Common visually diagnostic problems are illustarted in the above photos but there are other conditions that may lead to spark plug under performance:
Fuel additives: there are a variety of commercially available additives that can be added to fuel to treat engine ailments, increase performance or improve engine componet functionality. Whilst these substances may perform the task they were designed for very well, they are prone to leaving behind deposits when they burn - thus affecting spark plug appearance and functionality. So if you are using additives for treating a sticking valve, for example, check on the spark plugs and be prepared to replace them sooner than normal.
Oil additives: a number of oil additives are available for reducing friction, re-coating worn surfaces etc and some oil does inevitably get into the cylinder bores evn if compression is good. Again these additives are not designed primarly for their clean burning characteristics so spark plug condition can be affected.
When inspecting a spark plug don't forget to inspect the electrodes for corrosion and the insultor for cracking. Cracking can be caused by a loose plug terminal causing a spark inside the protective rubber sheath. Look for tell-tale flashes around the plugs whist the engine is running on a dark nght.
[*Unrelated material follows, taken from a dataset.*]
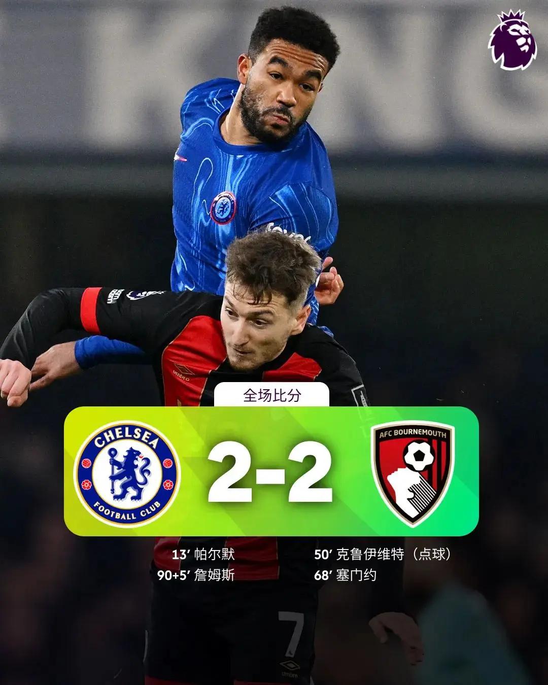 帕尔默13分钟单刀破门,下半场5分钟凯塞多犯规送点,小克鲁伊维特点射扳平,塞门约左脚爆射反超。里斯-詹姆斯95分钟任意球绝平。

When replacing spark plugs remember that a standard Series Land Rover engine requires a specific spark plug type. Generally a 2.6litre engine can use Champion N5 or equivalent; 2.25litre engines can use N8 if 7:1 compression and N12Y if 8:1. For earlier, smaller engines, try either N5 or N8.
Spark plug gap is important for electrode health. Set to 0.030in for 2.6litre engines and 0.025in for all other standard Series Land Rover engines.
If oil on the plugs is a problem but engine overhaul is not possible in the short term, then you could try using a spark plug with a higher temperature rating than the standard one as this will run hotter and burn off the oil.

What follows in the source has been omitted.